What would you suggest? 

Also, I noticed the photon 32 uses 99 leds however the one you listed is close to 51 leds? Do you happen to have the older model?


----------



## jeffkrol (Jun 5, 2013)

mba said:


> What would you suggest?
> 
> Also, I noticed the photon 32 uses 99 leds however the one you listed is close to 51 leds? Do you happen to have the older model?


The 48 version uses 24x4 plus 6 "moonlights"........


----------



## jeffkrol (Jun 5, 2013)

JeffE said:


> I would trade out 4 red for 4 blue, the reds really are potent. I also am not a fan of the look of the neutral whites and would use more cool white if you don't like the yellow warm look. I would hang the light even higher than that, better color blending and shimmer along with tank access. Also you won't get over 50% power even with tons of co2 and ferts


Best guessitmate is the fixture on full has CCT of is 3000k for the "red" channel and 8000k for the "blue" channel giving an effective color temp of 
5500k..

assumption is that the lights won't be run at "full"..but close.
Putting more blue in the blue channel is an option but I'd not (obviously) recommend removing the 660nm red...

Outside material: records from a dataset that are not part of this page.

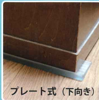
プレート式 (下向き)
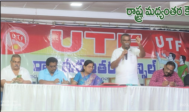
రాష్ట్ర మధ్యంతర కౌన్సిల్ సమావేశాలు
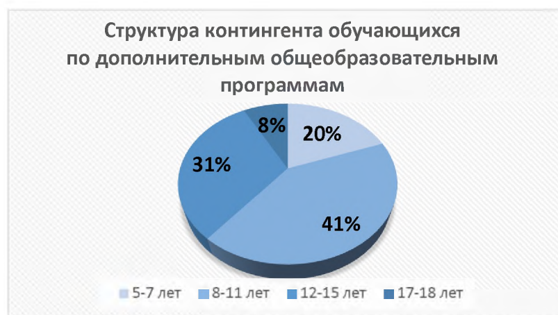
Рисунок 2 – Возрастная структура контингента обучающихся по дополнительным общеобразовательным программам (на декабрь 2020 года)

На основе анализа данных АИС «Навигатор» можно представить структуру контингента обучающихся по дополнительным общеобразовательным программам в учреждениях дополнительного образования, подведомственных Комитету по образованию.

I can't honestly swear by the color temp since I have no good way of estimating 10000K plus 7000k plus "cyan".. in the above ratios.. 
Best guess is 8000K could be higher..
"red" is roughly 20% of the total output and on the most likely to be dimmed channel.......... 

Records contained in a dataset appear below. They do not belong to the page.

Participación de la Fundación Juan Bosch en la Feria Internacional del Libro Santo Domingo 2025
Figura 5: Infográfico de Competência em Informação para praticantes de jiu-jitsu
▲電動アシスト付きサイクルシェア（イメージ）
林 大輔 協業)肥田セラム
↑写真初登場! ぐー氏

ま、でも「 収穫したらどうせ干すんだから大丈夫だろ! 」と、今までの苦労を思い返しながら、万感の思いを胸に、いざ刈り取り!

I have no problem w/ opposing calculations or estimates and frankly would prefer it.. Never too old to learn.. 


On a minor tangent.. nobody seems to complain about "strong red" on a FugeRay..2:1 ratio of 7000K to 660nm red..

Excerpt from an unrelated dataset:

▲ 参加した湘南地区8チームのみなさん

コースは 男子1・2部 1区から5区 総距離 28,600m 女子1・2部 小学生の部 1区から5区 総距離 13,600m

> FugeRay Planted+ LED Fixture: 30"
> Quick Overview
> 
> • 30" Unibody Ultra Slim High Output Planted LED
> ...


----------



## mba (Jul 18, 2011)

Updated the layout, removed 6 3500k WW replaced with 6 BLUE.

https://www.dropbox.com/s/cy3d7lq7d16v35l/Photon48 Planted Updated Version.xlsx

Channel 1 

14 - 10000k Cool White
24 - 7500k Cool White
10 - CYAN (495nm)

Channel 2

20 - 4500k Natural White
12 - 3500k Warm
6 - BLUE (450nm)
10 - RED (660nm)

I hope with the 6 BLUE will help boost the color a little toward the white and away from the yellowish. My goal is fully adjustable to 5500k and back to 6500k toward the whitish. This way I can try to make the sunrise and sunset affect.


----------



## JeffE (Oct 8, 2013)

Having the red and blue on a channel really doesn't make the color you'd want for sunset. I'd take a picture but the phone doesn't capture how it looks. I did spent slot of time at first trying to make the led spectrum match the photosynthetic action spectrum then realized it's ugly and had plenty of power no matter what and it didn't really matter for plants. I'd get what you think but imagine you will be changing out some chips soon


----------



## jeffkrol (Jun 5, 2013)

JeffE said:


> Having the red and blue on a channel really doesn't make the color you'd want for sunset. I'd take a picture but the phone doesn't capture how it looks. I did spent slot of time at first trying to make the led spectrum match the photosynthetic action spectrum then realized it's ugly and had plenty of power no matter what and it didn't really matter for plants. I'd get what you think but imagine you will be changing out some chips soon


That is the restriction of a 2 channel design.. 
Better having a RGB array (even w/ multiple shades)
Even better is a RGBW array.. 
This an early prototype w/ just the WW and 660nm reds (3 channel arrangement w/ actinic/white off).. Reds were mutichips (10W x2) so lots of "toning" but it gives an idea of the possibilities of a dual channel w/ just the 3000k/660nm channels ramping up...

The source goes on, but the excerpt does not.